Providing another perspective on their marriage outside of the family is Lily Briscoe – a young, aspiring painter who is also one of the guests at the holiday home.

Lily is very unsure of her talent as she frets over the form and composition of her paintings. It doesn’t help that Tansley, another guest, quips about how women ‘can neither paint nor write’.

Always (it was in her nature, or in her sex, she did not know which) before she exchanged the fluidity of life for the concentration of painting she had a few moments of nakedness when she seemed like an unborn soul, a soul reft of body, hesitating on some windy pinnacle and exposed without protection to all the blasts of doubt. Why then did she do it?
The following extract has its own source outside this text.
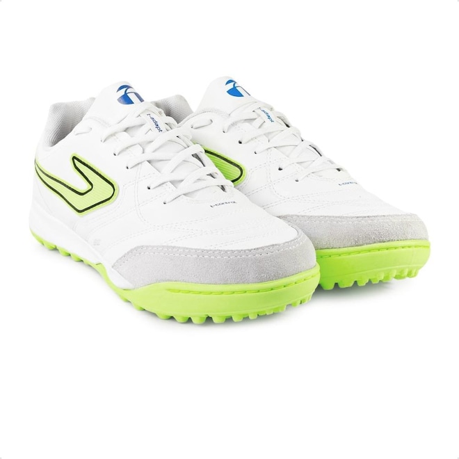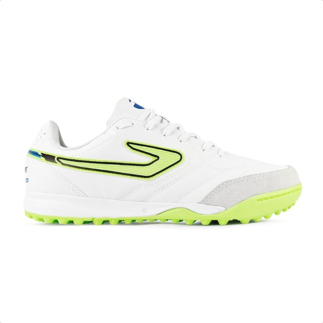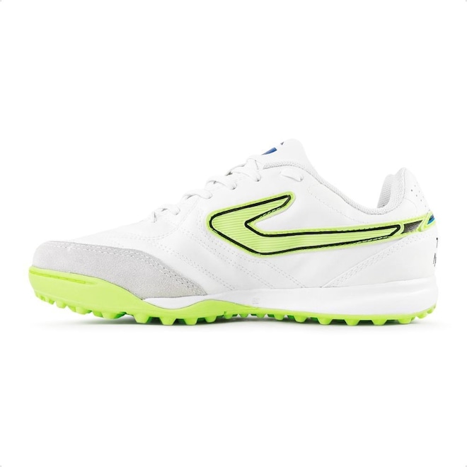 O logo Topper vem costurado nas laterais, com texturas que aumentam o controle de bola.

When she is not looking after her children, Mrs Ramsay spends her energy match-making and thinking about possible alliances. Mrs Ramsay knows she is beautiful but is also aware that her charms are not for everyone.

She bore about with her, she could not help knowing it, the torch of her beauty; she carried it erect into any room that she entered; and after all, veil it as she might, and shrink from the monotony of bearing that it imposed on her, her beauty was apparent. She had been admired. She had been loved….it injured her that he should shrink. It hurt her. And yet not cleanly, not rightly. That was what she minded, coming as it did on top of her discontent with her husband; the sense she had now when Mr Carmichael shuffled past, just nodding to her question….
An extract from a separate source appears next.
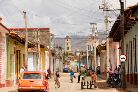 TRINIDAD, CUBA - MAY 25, 2014: Unidentified people on the street of Trinidad, Cuba. Trinidad has been a UNESCO World Heritage site since 1988.

The novel also explores the power dynamics between Mrs Ramsay and Lily Briscoe. Mrs Ramsay takes it upon herself to pair up people and in this she attempts to team up Lily with Mr William Bankes – a much older man. Lily does not fall for it and also on her part ponders on the relationship between Mr and Mrs Ramsay and the why the latter doesn’t stand up to him a bit.
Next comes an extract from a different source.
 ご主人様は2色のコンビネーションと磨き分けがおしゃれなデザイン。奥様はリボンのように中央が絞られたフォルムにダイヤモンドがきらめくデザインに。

There must have been people who disliked her very much, Lily thought – people who thought her too sure, too drastic. Also, her beauty offended people probably. How monotonous, they would say, and the same always! They preferred another type – the dark, the vivacious. Then she was weak with her husband. She let him make those scenes.

To the Lighthouse is made up of three sections. The first section – ‘The Window’ – is the longest; the focal point of which is the time spent by the family and their friends at their holiday home before the start of the Second World War as highlighted above. It ends with a large dinner party organized by Mrs Ramsay – where the various dynamics between the characters come into play – and the announcement of a wedding.  

We then move on to the second section – ‘Time Passes’ – which is peppered with some of the most poetic and beautifully written passages in the novel. The years roll by, the war rumbles on and the Ramsay holiday home gradually sinks into decay. Important developments in the Ramsay family are conveyed in various chapters in parenthesis.

In the third section – ‘The Lighthouse’ – ten years later, the Ramsay family are back on the island again and this time make that much delayed trip to the lighthouse.

One of the questions that many of the key characters ponder over is – What is the meaning of it all?

What does one live for? Why, one asked oneself, does one take all these pains for the human race to go on? Is it so very desirable?

Mr Ramsay does not want his fame to diminish even after his death. Lily Briscoe does not aspire towards such lofty ideals, nor does she appear to have much ambition of being a great painter, although she does brood over the details of the creative processes of painting.

What is the meaning of life? That was all-simple question; one that tended to close in on one with years. The great revelation had never come. The great revelation perhaps never did come. Instead there were little daily miracles, illuminations, matches struck unexpectedly in the dark.

In terms of plot, there’s not much that happens in To the Lighthouse, the drama is all internal. Woolf’s writing is gorgeous, whether she is describing the Ramsay marriage, the creative energy of Lily Briscoe and the painting process, the changing of the seasons and the passing of time. The novel is a lovely portrayal of family life, of the love between a mother and her children and the accumulation of moments which leave an indelible mark on the mind.